Читать «Книгоедство» онлайн - страница 295

Александр Етоев

Ленин на сочинениях Гоголя только одни пометочки делал (см.: М. В. Нечкина. «Гоголь у Ленина», М.-Л.: Изд-во АН СССР, 1936), а вот Пушкина книги он целовал и бережно к своему сердцу прикладывал. Это есть непреложный факт, и поведали нам об этом факте записи народных рассказов, бережно собранные писателем Борисом Шергиным и неоднократно публиковавшиеся.

Вот еще из тех же рассказов:

Пушкин курил ли, не курил?... Не курил. Выпивать выпивал, а не курил. Нету на портретах-то ни с трубкой, ни с папиросой.

Вот о Наталье Николаевне:

Глаза грубы, волосы как ящерицы, грудешко голо. Эку бы только на выставку, на показ стоя возить.

И о смерти на Черной речке:

Упал наш Олександрушко, за елочку захватился:

– Рости, рости, елочка, без верха; живи, живи, Россиюшка, без меня!

Приведенные мной цитаты единственно говорят о том, что народность Пушкина подлинная, а не навязанная пушкиноведами в штатском. И Пастернак был не совсем прав, когда писал в своих «Отрывках о Блоке»:

Никто бы не знал, может статься,

В почете ли Пушкин иль нет,

Без докторских их диссертаций

На все проливающих свет.

Был Пушкин в почете, был – и в Архангельске, и в Москве, и в Сибири, и даже в нашем провинциальном Санкт-Петербурге.

Пушкин и мыло

Известно, что во времена военного коммунизма к множеству существовавших тогда дефицитов добавился дефицит на мыло. Рассказывают, что однажды в гости к знаменитому пушкинисту Лернеру зашел не менее знаменитый пушкинист Гершензон, работавший тогда над книгою «Мудрость Пушкина». Когда Гершензон ушел, Лернер вдруг обнаружил, что из ванной пропало мыло. Хозяин мигом выскочил из квартиры и бросился догонять Гершензона. «Михаил Осипович! Михаил Осипович! – кричал он на бегу на всю улицу. – Вы случайно...». – «Да, мыло взял я! – ответил Гершензон с вызовом. – Я работаю с черновиками поэта и не могу прикасаться к святыне немытыми руками».

Пушкин – это наше всё

Я вырезал этот известный аполлонгригорьевский афоризм ножницами из какого-то лакированного журнала, собираясь сделать коллаж – что-нибудь в духе Родченко или студенческой стенгазеты времен загнивания социализма.
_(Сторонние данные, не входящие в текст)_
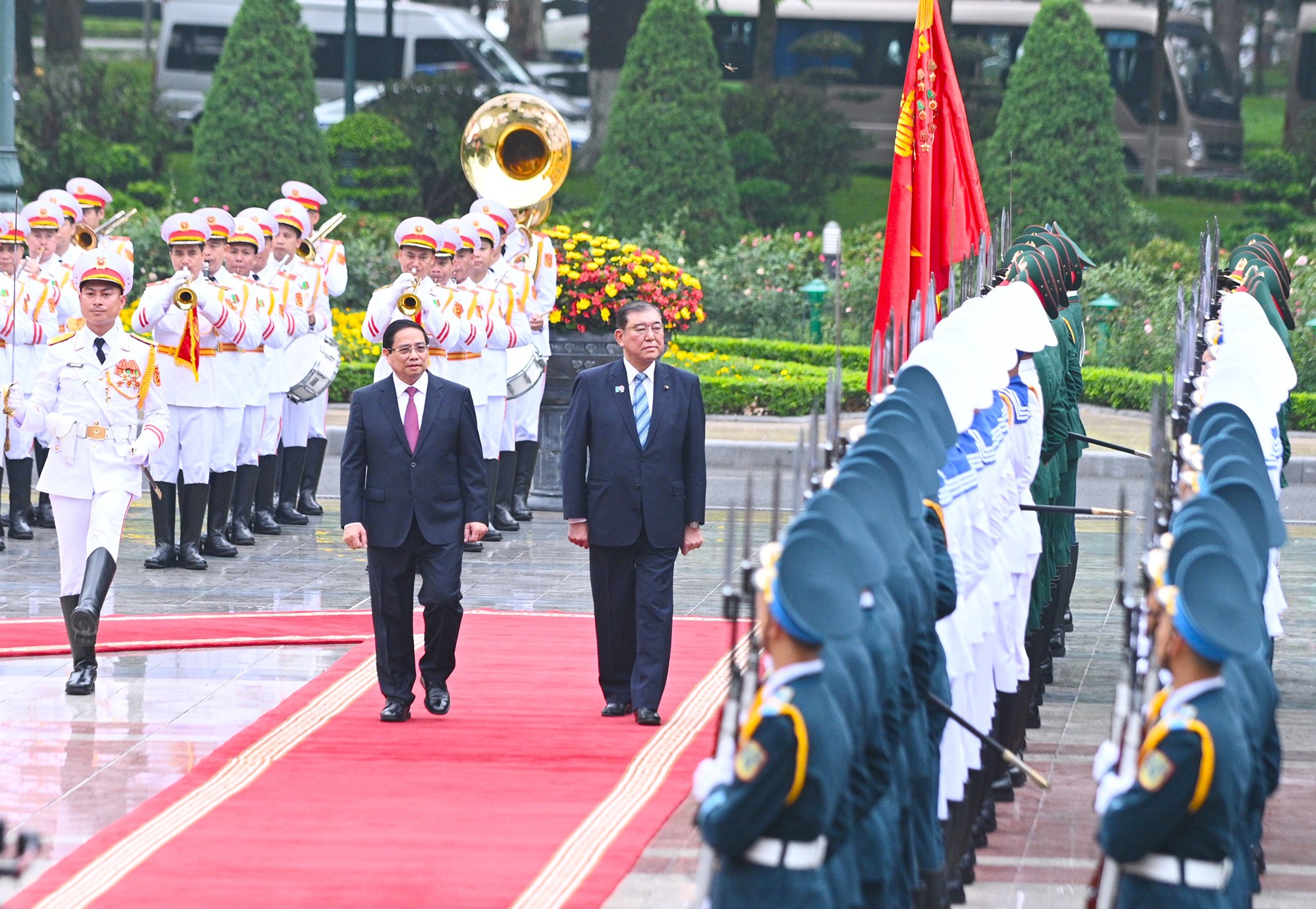 | Thủ tướng Phạm Minh Chính chủ trì lễ đón Thủ tướng Nhật Bản Ishiba Shigeru thăm chính thức Việt Nam, ngày 28/4/2025. Ảnh: Đỗ Thảo - Mekong ASEAN |

Ну, знаете – вырезается этакий толстомордый кот из рекламы кошачьей пищи, берется обрывок цепочки от сливного бачка, рисуется дерево типа дуб, всё это крепится на листе картона и сверху надписывается: «Лукоморье».

Коллаж я так и не сделал, а однажды, придя с работы, обнаружил у себя на столе мелкие полоски бумаги. Постарался кто-то из близких – искромсал священную фразу на отдельно порезанные слова и беспорядочно разбросал их по столу. Орудие преступления – ножницы с приставшими к ним следами бумаги – молчаливо лежало рядом.

Механически я собрал кусочки, соединил их вместе и прочитал:

«Всё, Пушкин, это наше!».

Знаки препинания появились исключительно у меня в голове, на бумажках их, естественно, не было.

Я покрутил головой, отгоняя вздорные мысли, и переложил бумажки со словами по-новому. Вот что у меня вышло на этот раз:

«Пушкин, это всё наше».

Если в первый раз какой-то хамоватый урод лишал Пушкина права собственности – хватит, мол, повладел и будет! – то теперь во фразе появилось какое-то вроде бы беспокойство: а не саданёт ли в ответ гений нашей поэзии заявителя по голове тростью.